Douthat and generalizing the OHIE


H/T The Incidental Economist

If you have the opportunity this Sunday (a rainy, cool one in my neighborhood) to read Ross Douthat’s column on the most recent Oregon Heath Insurance Experiment (OHIE), the subject of which I covered in my last post, please do so because it illustrates a few very important points that many Very Serious People are missing.

First, though, here’s Douthat (emphasis mine):

Needless to say, experts have been arguing about what the RAND results mean ever since. But the basic finding — that more expensive health insurance doesn’t necessarily lead to better health — just received a major boost. The state of Oregon expanded its Medicaid program via lottery a few years ago, and researchers released the latest data on how health outcomes for the new Medicaid users differed from those for the uninsured. The answer: They didn’t differ much. Being on Medicaid helped people avoid huge medical bills, and it reduced depression rates. But the program’s insurance guarantee seemed to have little or no impact on common medical conditions like hypertension and diabetes.


This is true. But it’s also true that the health care law was sold, in part, with the promise (made by judicious wonks as well as overreaching politicians) that it would save tens of thousands of American lives each year. There was so much moral fervor on the issue, so much crusading liberal zeal, precisely because this was not supposed to be just a big redistribution program: it was supposed to be a matter of life and death.

And his preferred alternative:

There are a variety of ways this could be accomplished — a bigger child tax credit for struggling families, a payroll tax cut to boost workers, an expanded earned-income tax credit to raise wages at the bottom, health savings accounts that roll over money left unspent. In each case, the goal would be to help people rise by giving them more money and more options for what to do with it, rather than just expanding 1960s-vintage programs that pay medical bills and only medical bills.

The second point is especially irritating because Douthat should know better.
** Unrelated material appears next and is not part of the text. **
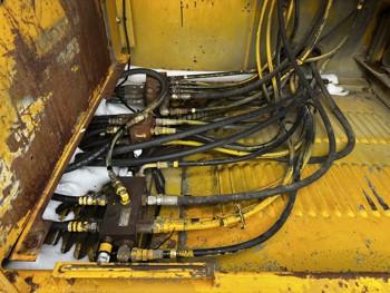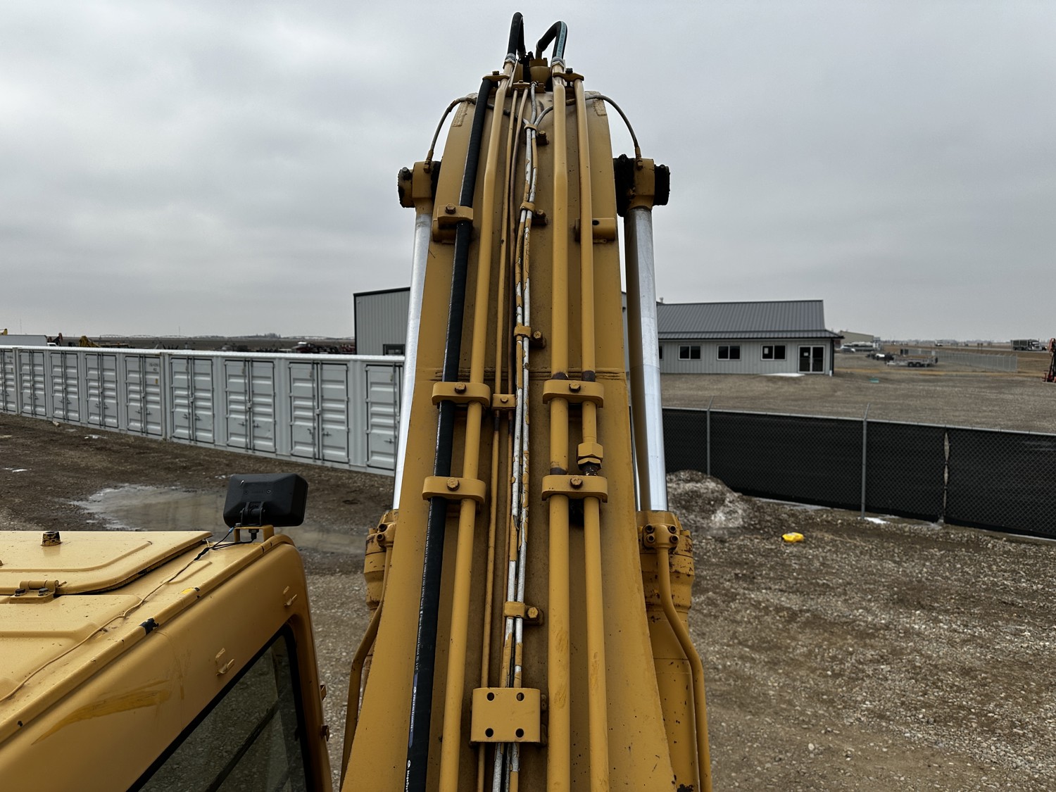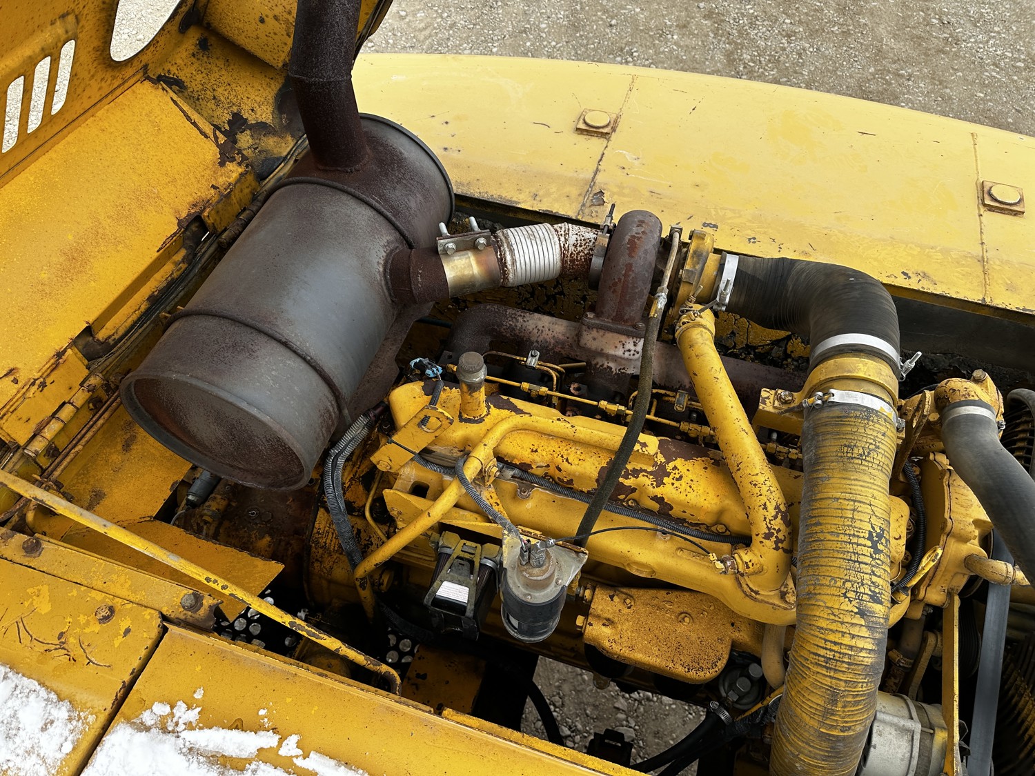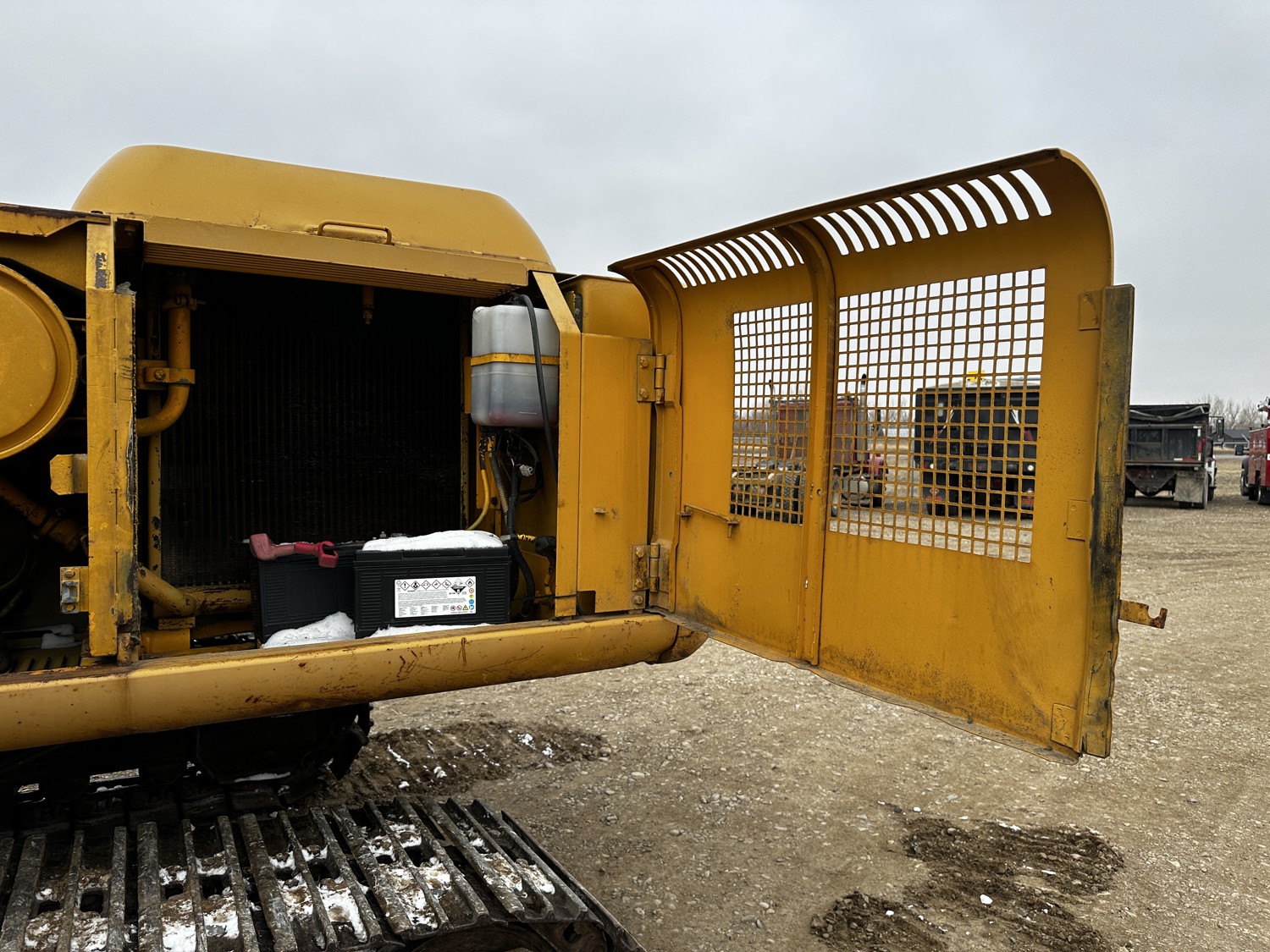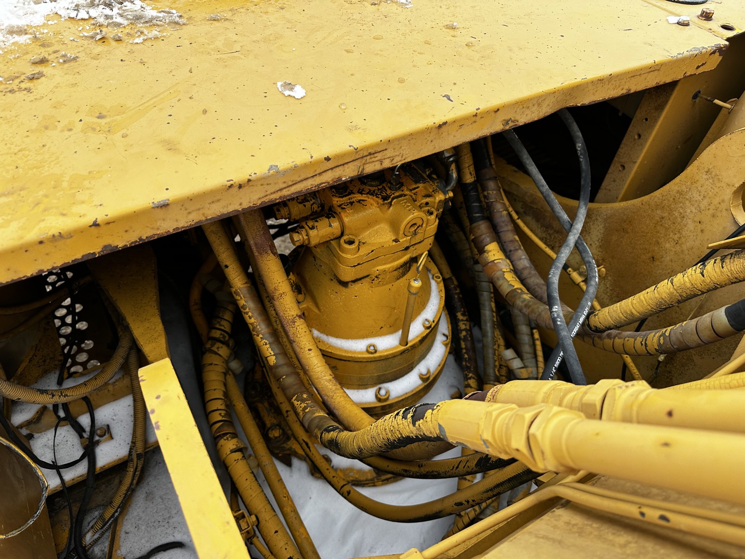 Enclosed cab, A/C, 33 inch dig bucket, manual coupler, 8 Ft 3 inch stick, auxiliary hydraulics , 24 inch track pads, triple grousers

If ten people out of every 10,000 — which should satisfy any ‘believability’ factor — who receive Medicaid coverage stay alive as a result then at the estimated 21.3 million who would enroll after 2014 (assuming, theoretically, all states accepted expansion) that would account for 21,300 saved lives. Ten is just arbitrary number, of course, and could be much higher but it highlights how easily it would be to rebut such a silly criticism.

As to the first and third points, as I wrote earlier, this was a study covering fewer than 13 thousand people in one city in America for two years. That this is a randomized controlled experiment means we can start discussing causality, but there are actually serious reasons to doubt the causal applicability of these “common medical conditions” studied. Which is to say, the study may have been underpowered to determine statistical significance for these conditions. In other areas there was substantial differences in mental health; positively for those with Medicaid coverage. Now a drastic reduction in depression is a very important health outcome, a fact of which seems (while meriting some mention) to be dropped to the wayside on the journey to declaring the program as it exists now, all things considered, a waste of the public’s time and resources.

For obvious reasons I find that line of thinking distasteful, and I don’t write that to assert that Douthat considers Medicaid an absolute waste of time, per se, but he obviously believes it could be done better in way that satisfies his ideological priors. Well, so do I. The difference, and this is important, is that my priors are being currently being satisfied compared to the conservative alternative — one founded not in his or a handful of right-leaning wonk’s preferred alternatives but the elected Republican vision of moving the poor’s healthcare concerns off the federal agenda and chipping in drastically less to states to cover fewer people. That is the reality we’re dealing with right now. Douthat recognizes this, nominally, but that hasn’t stopped him (or indeed, most others on the right) from taking this one study and making broad and sweeping generalizations about a program that covers 62 million Americans. Or from deciding that expanding access to another 21.3 million people ‘just isn’t worth it.’

Just to recap here:

  • It’s well-within reason to believe that expanding access to Medicaid coverage would, in fact, save “tens of thousands of American lives.”
  • The OHIE does not, however many caveats you include, prove that having Medicaid means your health outcomes will be indistinguishable from the low-income uninsured.
  • The choice isn’t between Medicaid as it exists now and the utopian ideals of a handful of people, but between current Medicaid and blocking the expansion while writing more columns about the ideal.

I’m not sure which one of those deligitimizes the reactionary bomb-throwing on the right from the OHIE most, and it probably doesn’t matter, but I’d put my choice on the middle bullet-point. Without such an (even then, misinterpreted) ‘proven’ leg to stand on there isn’t much for pundits and partisan analysts to prognosticate. In the end it doesn’t really matter. This study hasn’t, and won’t, change anyone’s mind on any fundamental questions despite Douthat’s insistence in the NYT that no, really, it should. Further, that while conservatives just need a few photogenic champions, it’s actually liberals that must now rethink their entire ideological [strawman] approach to healthcare .

No thank you, Ross. I’d rather keep calm and collect more data.